The findings of the current study may explain the discrepancies between in vivo  and in vitro  studies regarding the bronchodilatory properties of desflurane. Mercier et al.  18found that desflurane relaxed proximal isolated human bronchi in a dose-dependent manner. On the contrary, Goff et al.  19found that desflurane exerted no bronchodilation in patients undergoing elective surgery during general anesthesia. In the former study, the relaxation of the bronchi was measured directly, whereas in the latter, the isovolume method was used to assess total airway resistance, which is a product of bronchial tone, lung volume, flow rate, and the physical properties of the inspired gas. The current study may also explain the results of Dikmen et al. ,11who found that desflurane produced bronchodilation at 1 MAC but increased airway resistance at 2 MAC. At 2 MAC, the increased density of the gas mixture may have offset the bronchodilatory effect of the anesthetic, and the overall resistance measured was increased. Theoretically, the increased pulmonary resistance caused by the physical properties of anesthetics might have deleterious effects on patients with chronic obstructive pulmonary disease or asthma.

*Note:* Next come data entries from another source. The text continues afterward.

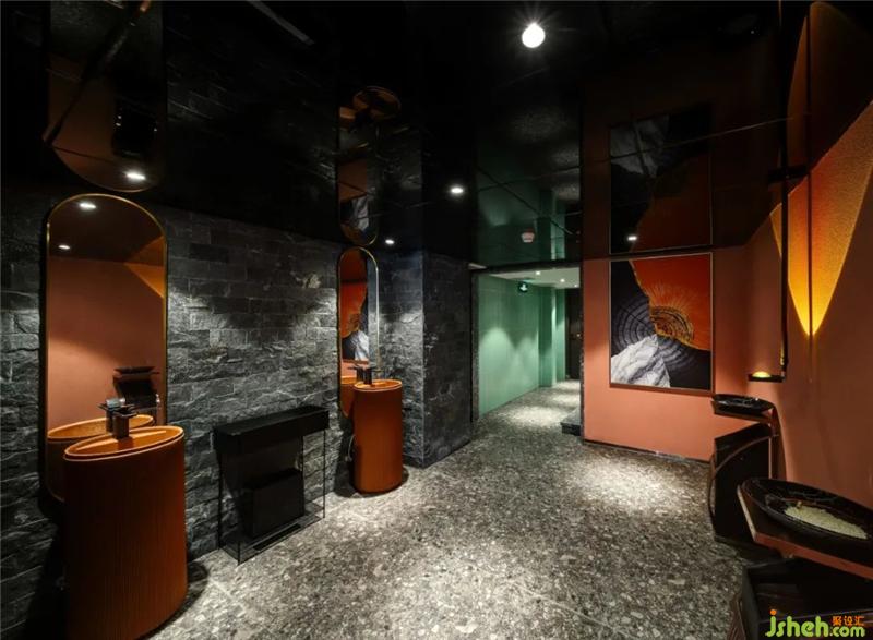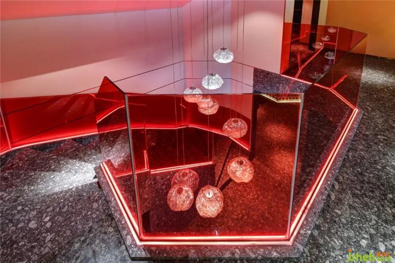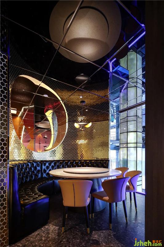 在空間中,有許多有意思的打卡區(qū):進門水吧臺的星空頂、玻璃扶手的旋轉(zhuǎn)樓梯、二樓包間區(qū)等等;自帶打卡點的門店,會帶來許多來自朋友圈的免費流量燒烤裝修設計。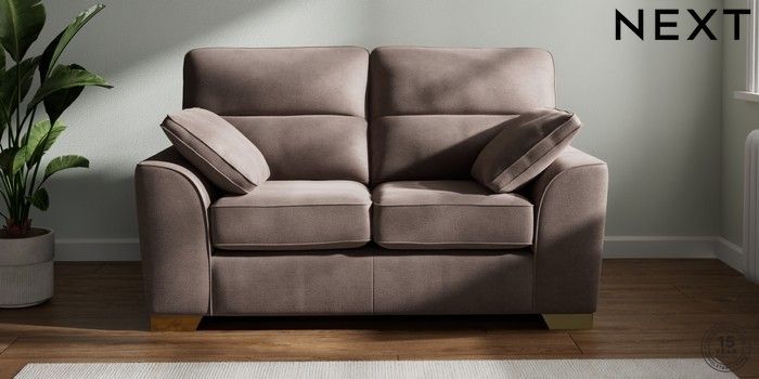 7.2.10 Stamford Highback 2 Seater Small Sofa Luxe Chenille Mink Brown Large Square Angle - Brushed Brass | Made Click here to use our website with more accessibility support, for example screen readers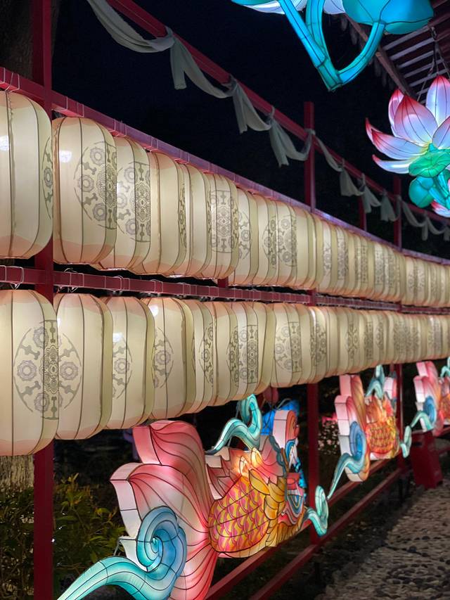 正好赶在元宵节的尾巴,所以还有美美的花灯,真的挺好看的!穿个古风中国风拍照应该也绝美,当然胃疼+血崩的我就没这个兴致了,顽强努力了半圈实在受不了了,草草离场。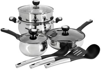 The Oster Baldwyn 10 Piece Stainless Steel Belly-Shaped Nonstick Cookware and Utensil Set embodies the perfect blend of style and functionality for any kitchen enthusiast. Crafted with durable stainless steel, each piece is designed to withstand daily use while maintaining its elegant appearance. The belly-shaped design ensures efficient heat distribution for uniform cooking results, while the nonstick interiors make cleanup a breeze. This set comes with essential cookware pieces, including a 6.9 quart dutch oven with steamer and lid, 3.1 quart saute pan, 1.9 quart saucepan with lid, and 3 pieces kitchen utensils. Whether you're a seasoned chef or just starting your culinary journey, the Oster Baldwyn set equips you with everything you need to unleash your culinary creativity with confidence and ease.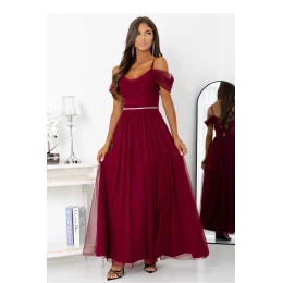 Tmavě červené večerní šaty s rozparkem a odkrytými rameny jsou kvintesencí elegance a ženskosti. Vyrobené z lehkého, vzdušného materiálu se krásně přizpůsobují postavě, zdůrazňují pas a zúžují siluetu. Model má jemně padající ramínka typu off shoulder, která jemně vystavují ramena a výstřih. Hluboký rozpark na noze dodává kreaci smyslný charakter, a přiléhavý korzet a tenký lesklý pásek dodávají celku jedinečný šarm. Zvláštní ozdobou těchto šatů je dekorativní pásek se zapínáním na knoflíky, který efektně zdůrazňuje pas. Pásek je zdobený lesklými detaily, díky čemuž přidává kreaci výjimečný, šperkový akcent a přitahuje pozornost jemným zábleskem. Tyto tmavě červené dlouhé šaty z tylu se skvěle hodí na svatbu, ples, maturitní ples, Silvestra nebo jinou elegantní akci. Kombinujte je se štíhlými podpatky a jemnými šperky, abyste vytvořili nadčasový, ženský outfit.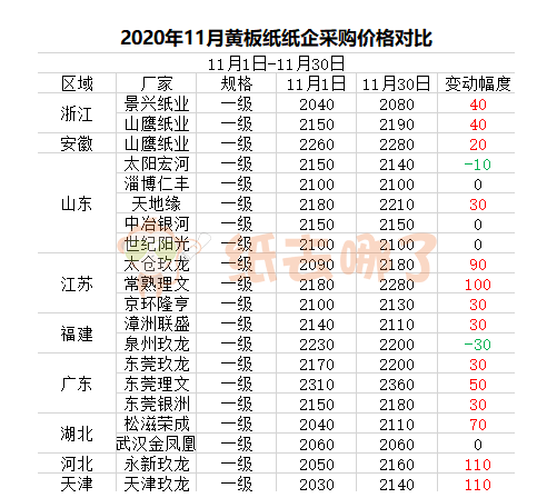 截至11月30日,玖龍系A級以福建和廣東玖龍同為最高,為2200元/噸;遼寧玖龍最低,為2090元/噸。 黃板紙價格走勢 以下為11月部分紙廠黃板紙采購價格對比。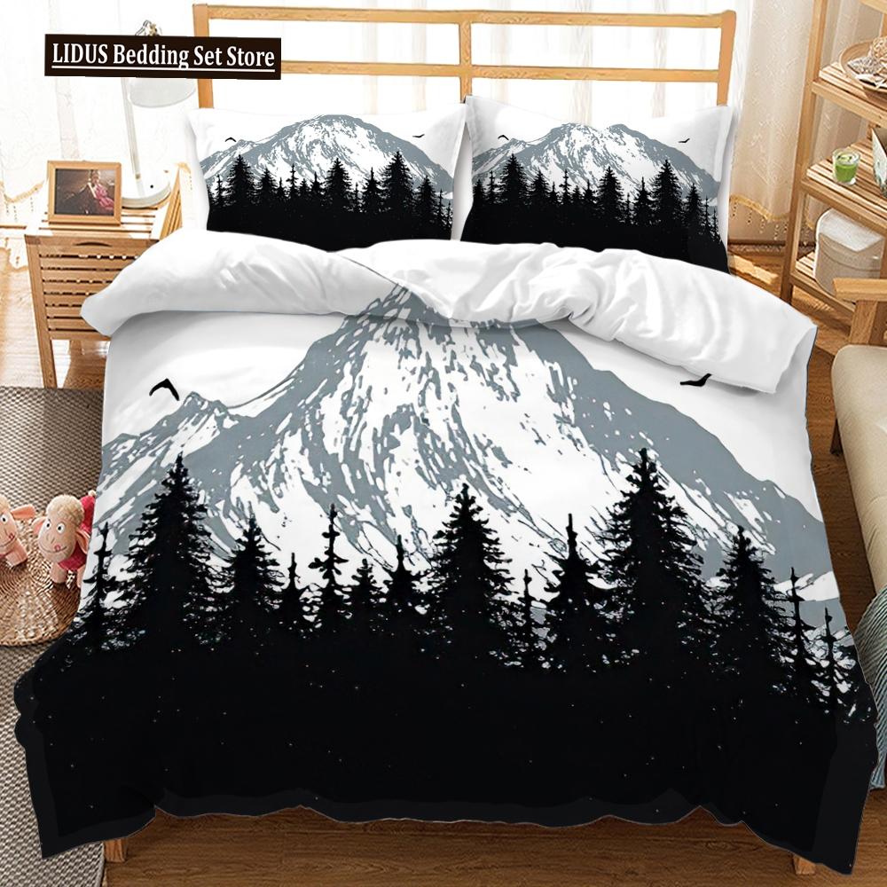 3D Mountain Forest Duvet Cover Set Snow Mountain Winter Theme King Queen Size Comforter Cover For Kid Teen Polyester Bedding Set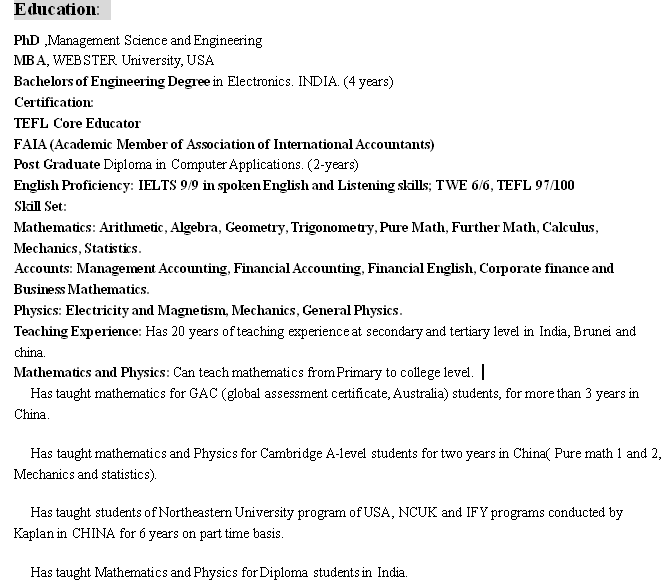 1,外教現(xiàn)在四川成都,可以盡快到崗, 2,外教可以教數(shù)學(xué),科學(xué),英語。 |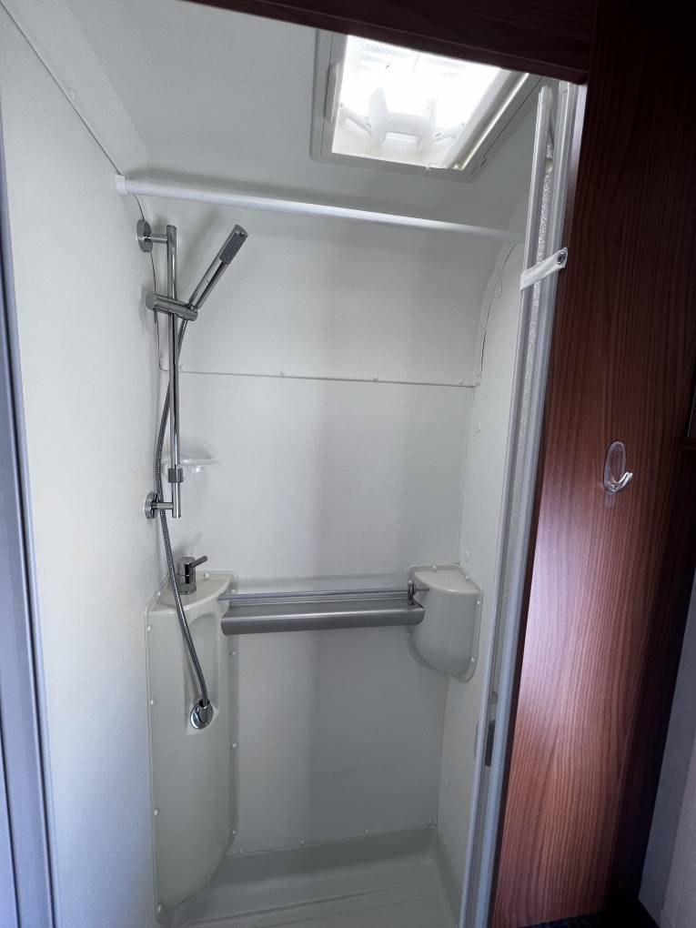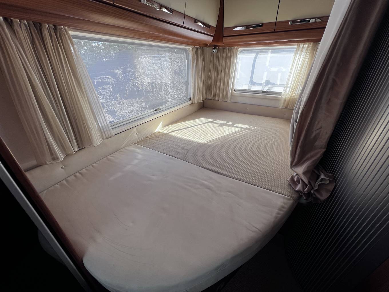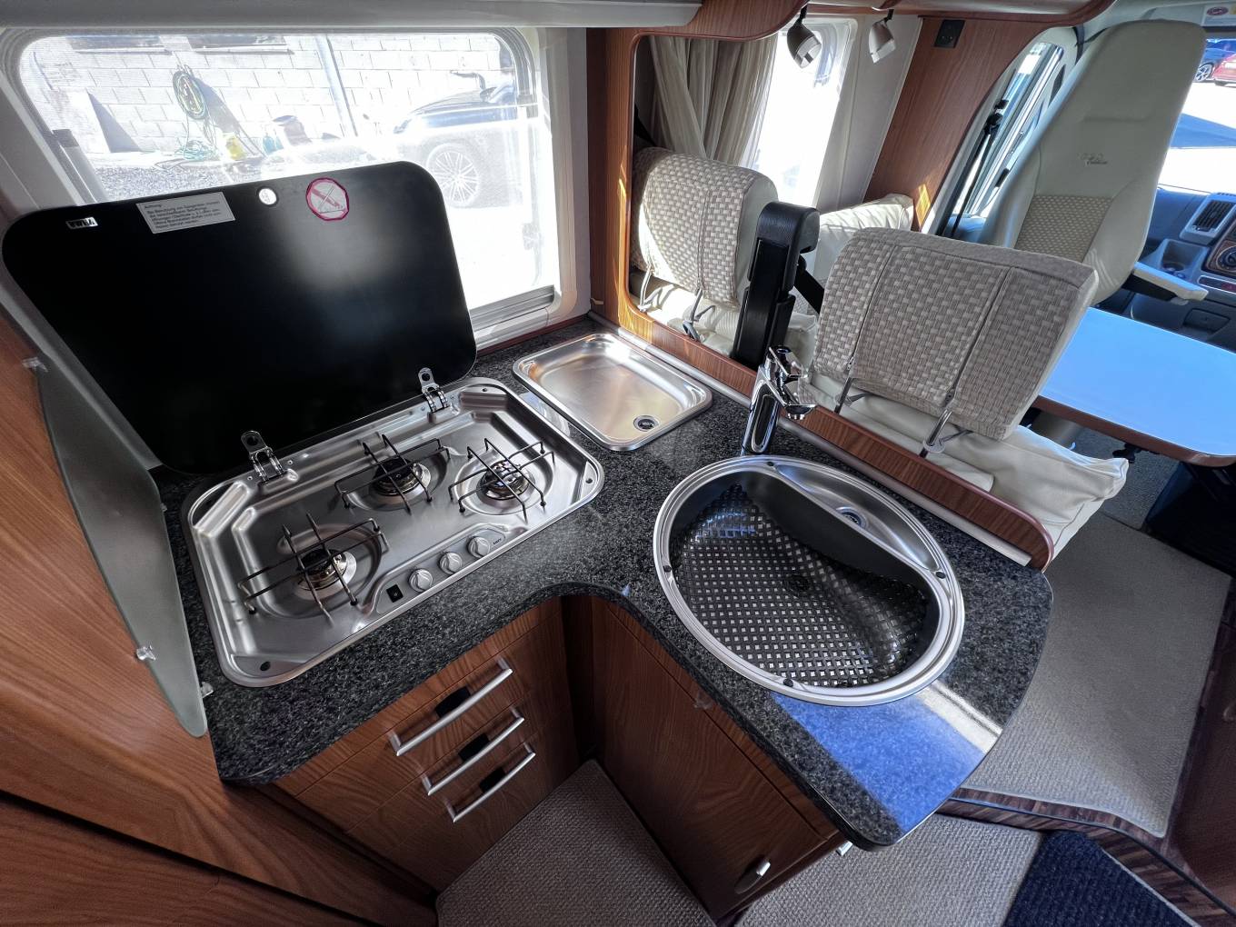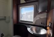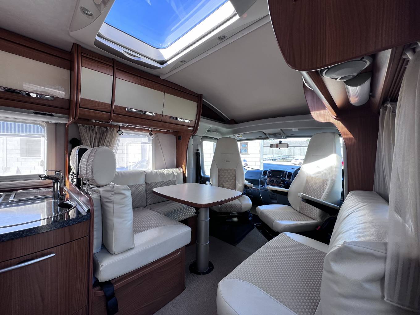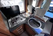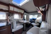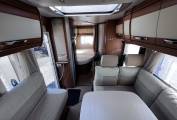 The lounge dinette has 2 forward facing seats with belts and a side facing sofa with dining table and cupboard space and with the 2 front cab seats that will swivel this allows the family to sit around the dining table at meal times. this will convert into a nice size double bed to sleep 2 people comfortably making the 4 sleeping areas. this model also comes with cab air conditioning, cruise control, reversing camera, large wind-out canopy awning, bike rack, scooter carrier for 2 scooters, refillable gas system and sat TV.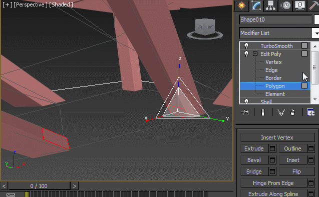 加上壳(shell)命令,给出一定高度,添加涡轮平滑(TurboSmooth),我们看到边角已经出现了光滑效果。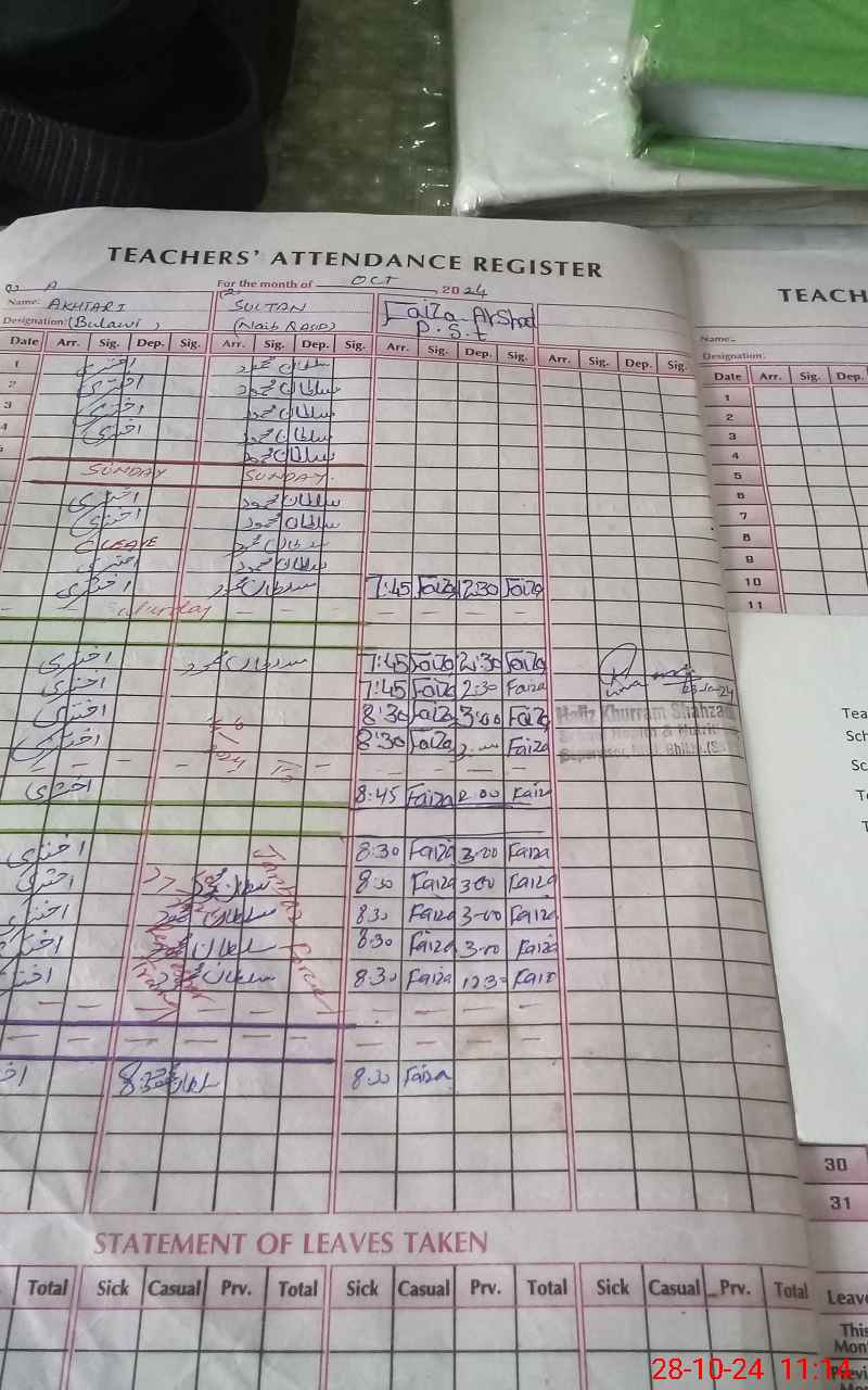 | 35**** | Sa**** | BLAVI | 0 | 0 | 0 | 0 | 0 | 0 | 0 | 0 | 0 | Absent (Un-Authorized) | |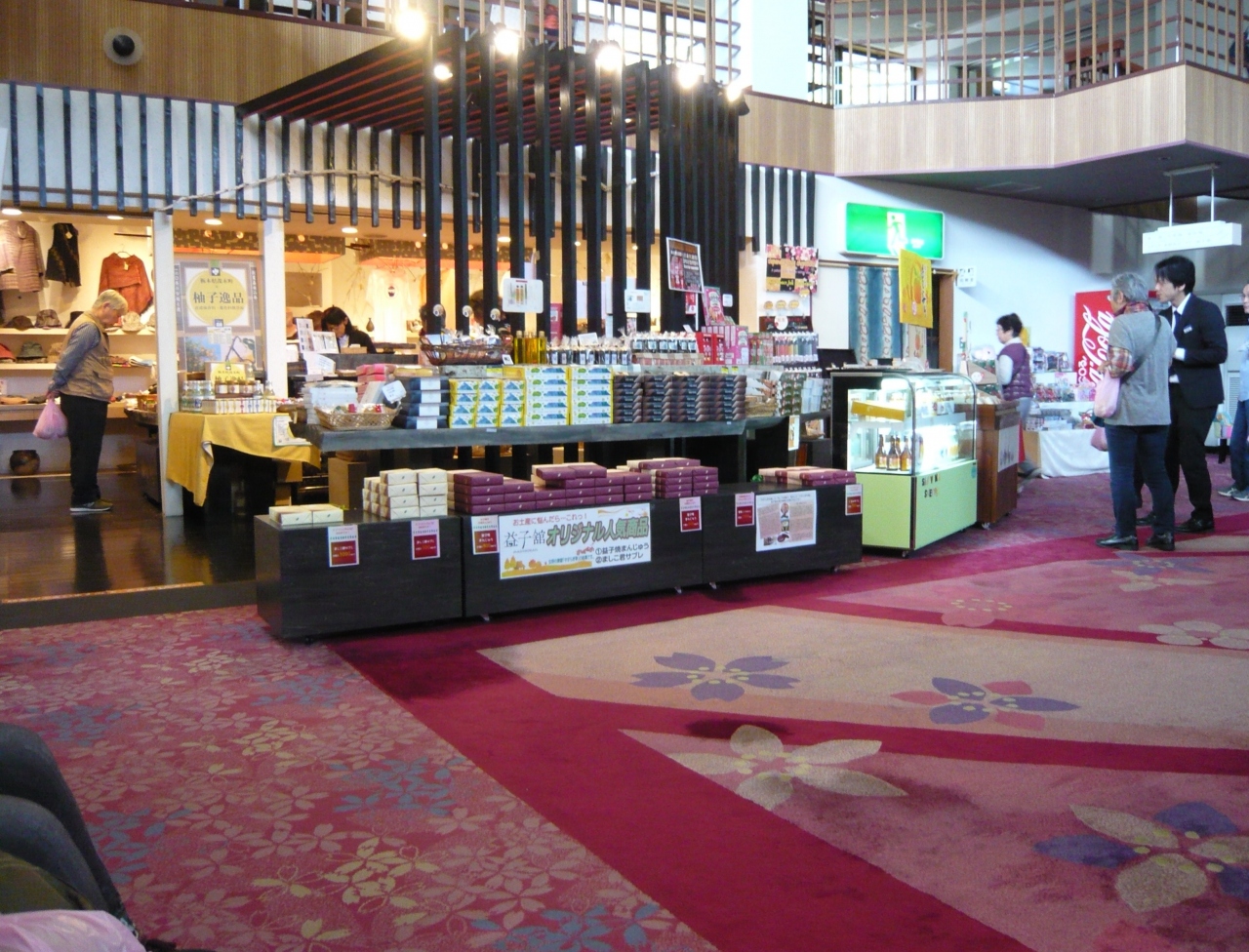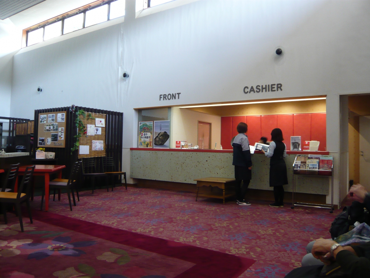 館内には売店もあり、地域の土産物品やホテルオリジナルのお饅頭なども販売されているのですが、売店ではクレジットカードが使用できないとのことで、現金のみの利用でした。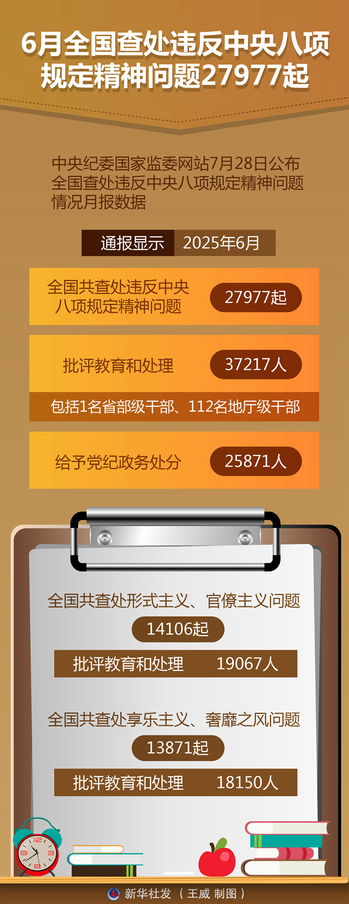 新华社北京7月28日电(记者孙少龙)中央纪委国家监委网站28日公布全国查处违反中央八项规定精神问题情况月报数据。通报显示,今年6月,全国共查处违反中央八项规定精神问题27977起,批评教育和处理37217人(包括1名省部级干部、112名地厅级干部),给予党纪政务处分25871人。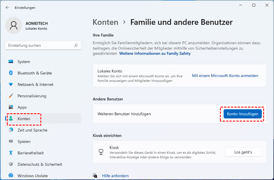 Schritt-für-Schritt: Neuen Benutzer anlegen in Windows 11 mit AOMEI Partition Assistant

However, desflurane, which had the most pronounced effects of pulmonary resistance, has been widely used without adverse effects even in patients breathing spontaneously,20and there are no studies in humans to support that it should be used with caution in patients with airway hyperreactivity.

In conclusion, the high density of volatile anesthetics significantly increases airway resistance. This phenomenon is more pronounced with less potent agents that are delivered in high concentrations. Studies of the effects of these agents on airway resistance should take into account that a percent of these effects may result from the altered density of the inspired gas mixture.